■ **To do**
Copy all entries without alteration and skip the pictures they hold.

Records provided START

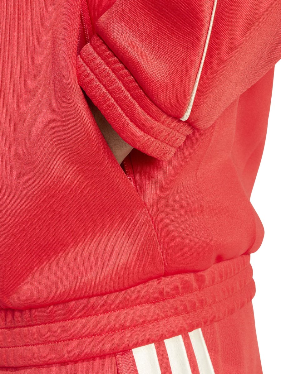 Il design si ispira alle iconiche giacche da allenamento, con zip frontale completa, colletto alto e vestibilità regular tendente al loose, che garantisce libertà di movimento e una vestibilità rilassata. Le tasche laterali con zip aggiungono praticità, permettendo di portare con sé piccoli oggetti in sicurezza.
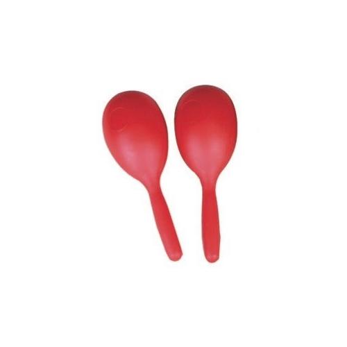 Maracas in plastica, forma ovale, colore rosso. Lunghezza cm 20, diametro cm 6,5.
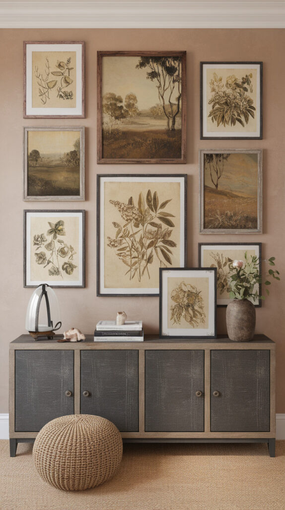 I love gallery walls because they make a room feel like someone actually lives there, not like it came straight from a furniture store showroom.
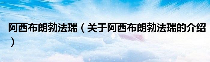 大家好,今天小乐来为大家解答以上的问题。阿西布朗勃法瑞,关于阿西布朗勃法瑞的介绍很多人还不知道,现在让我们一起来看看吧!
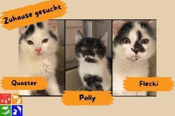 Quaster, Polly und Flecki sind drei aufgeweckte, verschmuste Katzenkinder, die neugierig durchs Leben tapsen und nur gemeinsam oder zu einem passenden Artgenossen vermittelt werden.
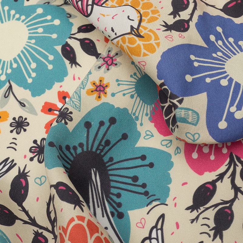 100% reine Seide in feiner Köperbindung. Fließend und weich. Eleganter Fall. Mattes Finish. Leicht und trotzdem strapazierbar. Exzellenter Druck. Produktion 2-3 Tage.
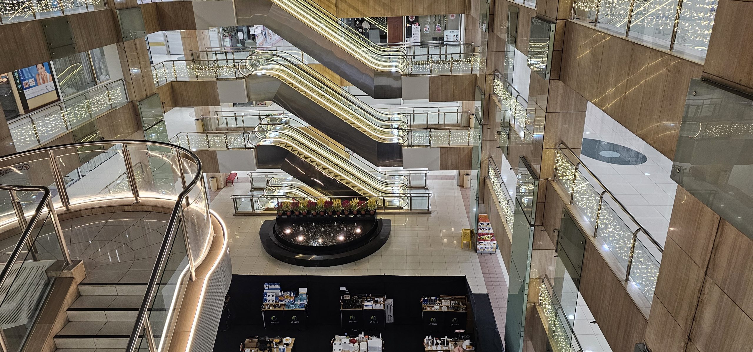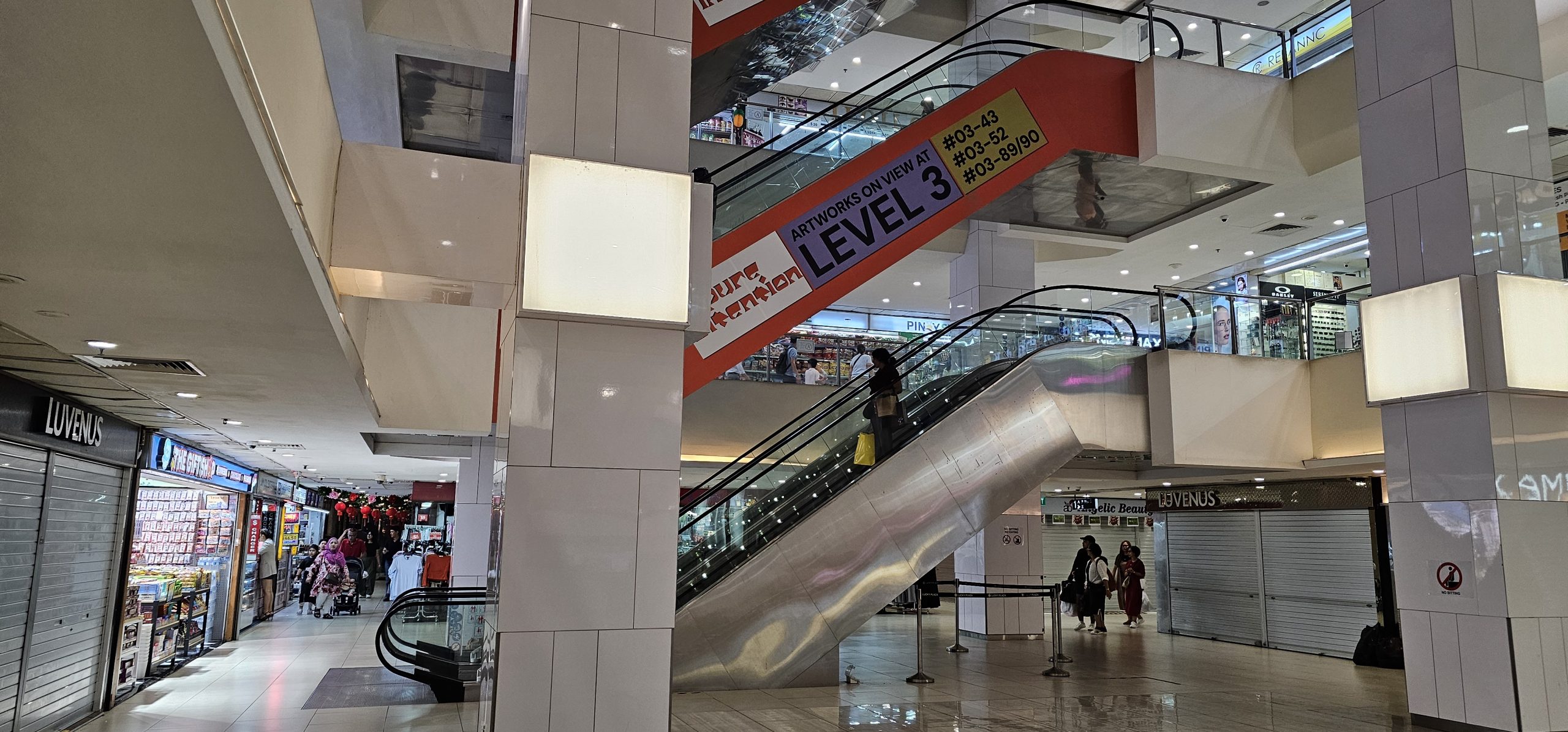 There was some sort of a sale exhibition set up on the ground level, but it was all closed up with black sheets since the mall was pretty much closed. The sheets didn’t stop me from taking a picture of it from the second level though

Records provided END

■ **The answer**
 Il design si ispira alle iconiche giacche da allenamento, con zip frontale completa, colletto alto e vestibilità regular tendente al loose, che garantisce libertà di movimento e una vestibilità rilassata. Le tasche laterali con zip aggiungono praticità, permettendo di portare con sé piccoli oggetti in sicurezza.
 Maracas in plastica, forma ovale, colore rosso. Lunghezza cm 20, diametro cm 6,5.
 I love gallery walls because they make a room feel like someone actually lives there, not like it came straight from a furniture store showroom.
 大家好,今天小乐来为大家解答以上的问题。阿西布朗勃法瑞,关于阿西布朗勃法瑞的介绍很多人还不知道,现在让我们一起来看看吧!
 Quaster, Polly und Flecki sind drei aufgeweckte, verschmuste Katzenkinder, die neugierig durchs Leben tapsen und nur gemeinsam oder zu einem passenden Artgenossen vermittelt werden.
 100% reine Seide in feiner Köperbindung. Fließend und weich. Eleganter Fall. Mattes Finish. Leicht und trotzdem strapazierbar. Exzellenter Druck. Produktion 2-3 Tage.
 There was some sort of a sale exhibition set up on the ground level, but it was all closed up with black sheets since the mall was pretty much closed. The sheets didn’t stop me from taking a picture of it from the second level though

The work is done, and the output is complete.